07 June 2006

Databases for Laypeople: Part 4 in a series

Hypertext and the Relational Database
(Table of Contents--Part 3)

It's somewhat unorthodox to introduce the relational database as a form of hypertext.* But consider the parallels: in order to allow a user to access data in a relational database, the RDBMS has designated key fields for each record that are also a referring field someplace else. In each hypertext document, a part of the document is its address (analogous to the key field), which will appear in the referring hypertext document as a part of a hotlink.

The structure of information in a relational database may be understood, for the time being, as if it were a page in Wikipedia. Each record may be compared to a Wikipedia entry, with some of the fields (or words in the article) linking to other records in other tables. This analogy is not perfect; for example, an article about prime ministers of Peru will link to other "records," or articles, about other prime ministers of Peru. In contrast the object of a relation between two different fields is to link two different types of record--records kept in different tables. That's a flaw in the analogy, and in fact in cases where data records are used professionally--like patents or legal rulings--the hypertext online references do employ distinct tables for structurally different forms of data.

Search portal for the US Patent Office
In order to over come this flaw in the analogy, we need to imagine something with a more professionally focused, but still easy to intuit: a hyperlinking, searchable, US Patent Office-style web page. Like a wiki, it is edited constantly, in this case by users/editors who have applied for a patent, or who are responsible for authorizing those patents. Unlike the most famous wiki, viz., Wikipedia, the records are fundamantally different in character and are stored in different "tables" depending on whether they are Utility (i.e., a new technical innovation that fulfills an identified purpose), Design (i.e., just a refinement of applied art), Plant (e.g., a flower), Reissue, Defensive Publication, or something else. Like many multi-user databases, this allows different users different types of permission: everyone may read Wikipedia or the patent data available above, but only a small number may edit the information. Applicants may edit their application; the USPO staff may edit the status of the application, based on office rulings.
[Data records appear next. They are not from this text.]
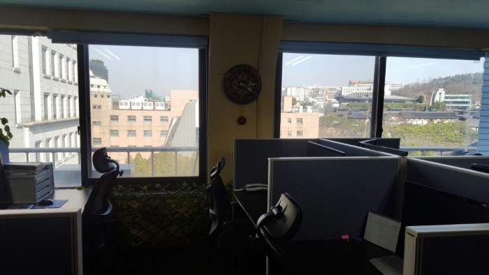남산과 한옥마을 전경이 내려다보이는 조용하고 깨끗한 사무실입니다.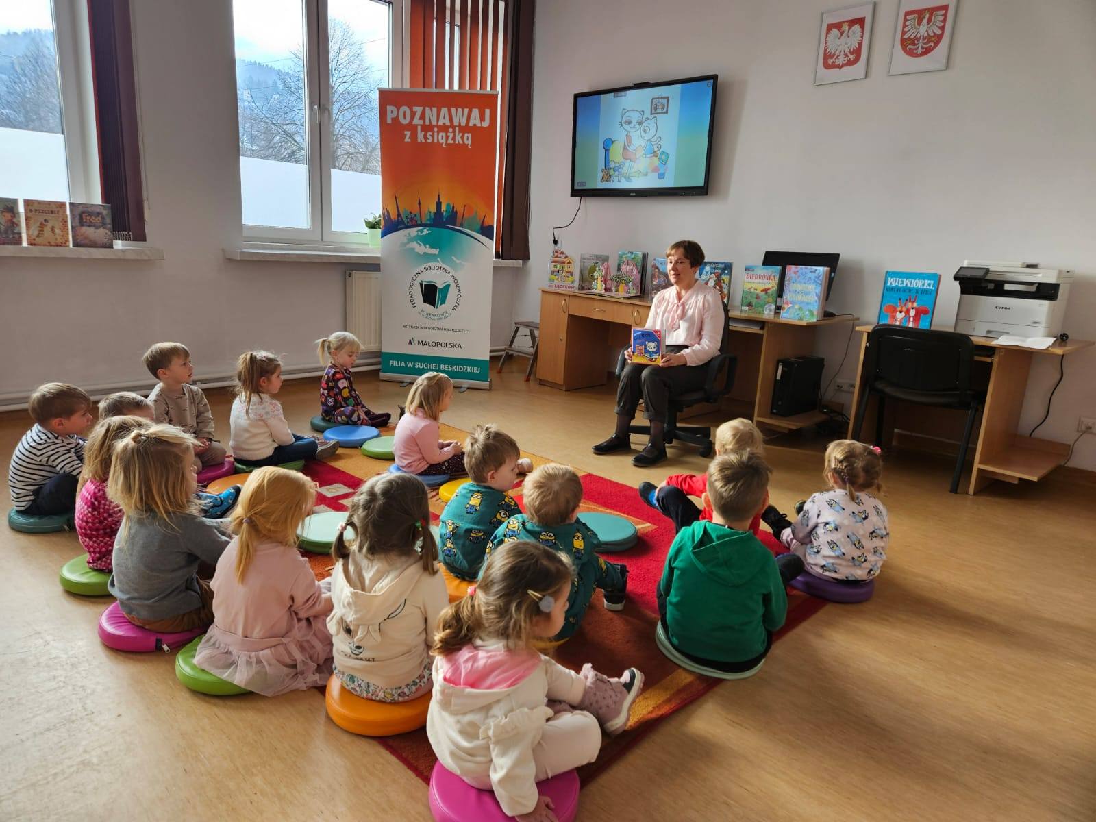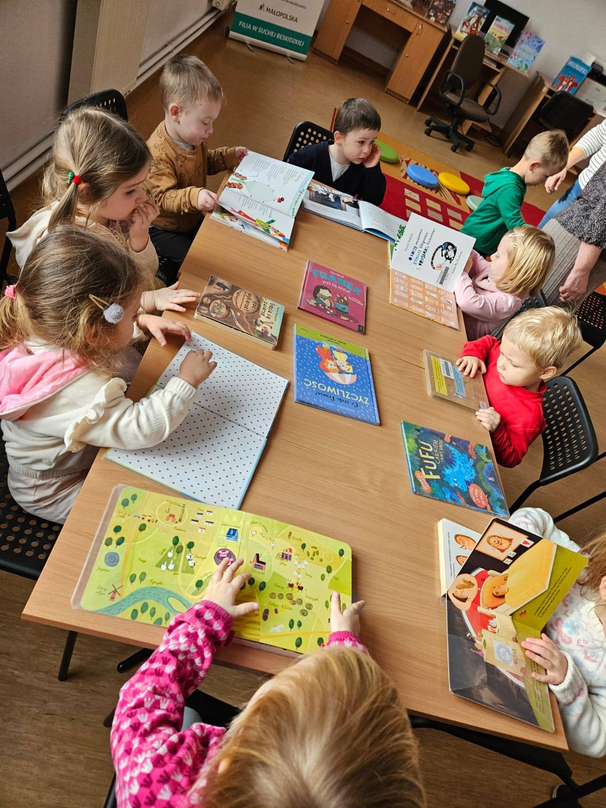 im. Dr M. Żmigrodzkiego.  W zajęciach bibliotecznych do tej pory wzięły udział grupy  Misie, Krasnale, Biedronki  i Zajączki. Przedszkolaki miały okazję zobaczyć, jak wyglądają księgozbiory, na czym polega praca bibliotekarki i w jaki sposób można wypożyczyć książkę, a także jak należy się zachowywać w bibliotece.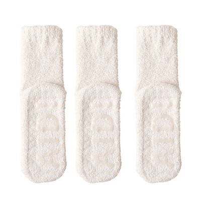 Anna-Kaci 3 Pairs Women's Plush Non-Slip Crew Socks with Thick Fleece Lining and Cozy Warm Fit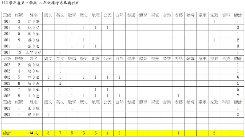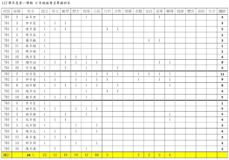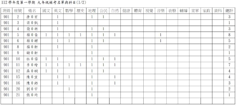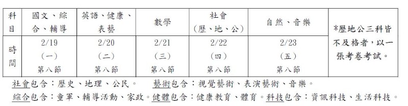 *補考題庫,請至學校首頁左邊欄位下方的112-1補考題庫專區自行下載!! *補考科目與時間如下表,地點:本校多功能(七、八年級)、圖書館(九年級)。

Finally, as with all wikis, a database is edited by many people concurrently, who may sometimes have updates that conflict directly with each other. In some cases, this can have disastrous consequences!

In a database, a record with exactly one related record in another table is pretty rare. One example is the office where each employee has one and only one computer, which is associated strictly with that employee. With database design and capabilities, the possible exceptions to this have to be considered: a computer used by potentially several different employees, or an employee who needs access to several workstations in the office, will make a one-to-one relation impossible for that particular pair of tables. On the other hand, if it does exist, then the fields for "computer" are likely to be part of the employee record.
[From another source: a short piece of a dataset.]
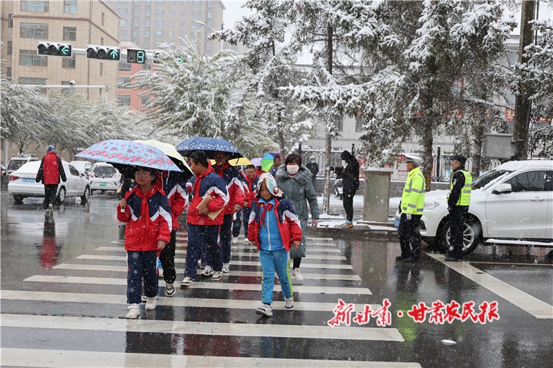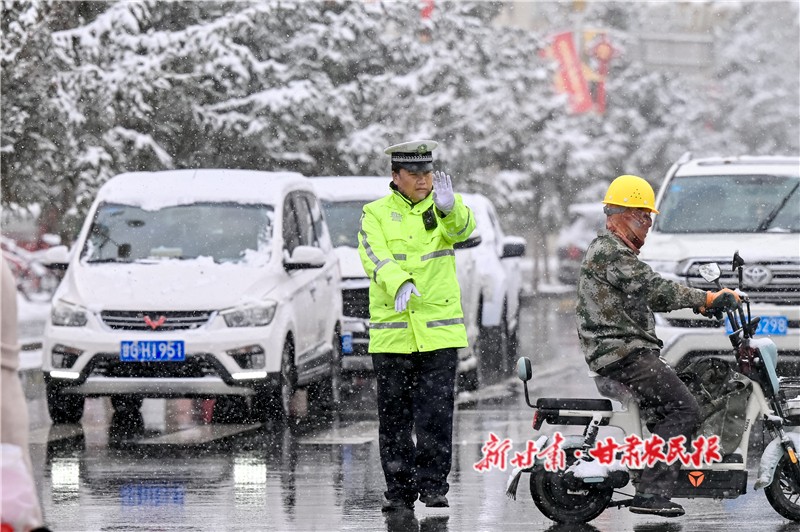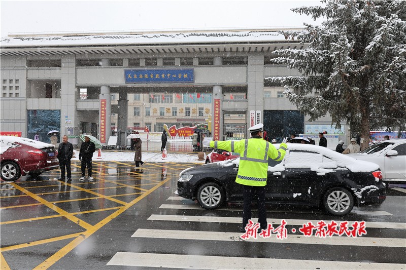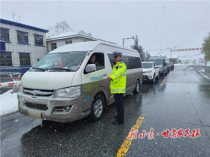 甘肃农民网讯 受冷空气影响,10月18日,民乐县迎来入秋以来首场降雪天气,路面湿滑,民乐县公安局交警大队以雪为令、闻雪而动,在城区重点路段、扁都口省级治安检查站执勤,确保雨雪天气辖区道路交通安全、有序、畅通,减少道路交通事故发生,全力以赴地投入到抗雨雪、保安全、保畅通工作中。

Typically we think of the page that links to many other pages as being the home page, or site-map. For example, imagine a simple web page with a list of links to articles (example). In database design, the relationship might involve contacts for one's vendors: our imaginary event-arranging company might have half a dozen contacts at Aramark, but each contact will be for only one firm. Aramark has many employees, but each employee works only for one firm.

Much of the time, one encounters "promiscuous" relations: again, with our imaginary event-management company, clients and events can have a many-to-many relationship as well. For example, a book show might be held several times a year, each year. Each event features scores of firms selling books. For purposes of billing, the event-management company has to be able to locate information about each client (or each vendor) related to each event, and for planning each event the staff needs to access information about each event related to each client.
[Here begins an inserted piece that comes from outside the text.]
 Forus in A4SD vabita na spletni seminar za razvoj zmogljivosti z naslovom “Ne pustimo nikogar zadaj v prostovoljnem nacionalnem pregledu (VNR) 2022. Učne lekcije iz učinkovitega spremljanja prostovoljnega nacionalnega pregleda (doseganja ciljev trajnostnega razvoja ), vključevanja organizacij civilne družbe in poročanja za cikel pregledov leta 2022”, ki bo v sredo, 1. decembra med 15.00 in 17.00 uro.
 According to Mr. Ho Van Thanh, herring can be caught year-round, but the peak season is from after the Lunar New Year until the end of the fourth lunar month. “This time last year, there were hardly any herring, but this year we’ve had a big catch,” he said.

A chart showing the relationship between the entities "Clients" and "Events" might look like this:
The problem of relating an unknowable number of clients to a corresponding, but unknowable, number of events, is solved by having each client on the client table linked to a client:event table. In this way, the "real" master table includes the minimal information about each client:event record.

(Part 5)
* Somewhat unorthodox--but not unheard of. See "From Database to Web Site: Transforming a PC Relational Database to a World Wide Web Resource," by Jane A. Keefer, West Chester University:
Once the discographic file name parameters are established, active hypertext linking is available between all performers and titles simply by using the primary key for each record as the value of the HTML Anchor Name tag. Since each primary key is unique, the correct reference is assured and this device illustrates the functionality of the relational file structure as an early form of hypertext technology, much as the card catalog with its main and added entries can now be seen as a crude effort at relational data structuring.
The blog and the wiki are both examples of cgi-administered databases.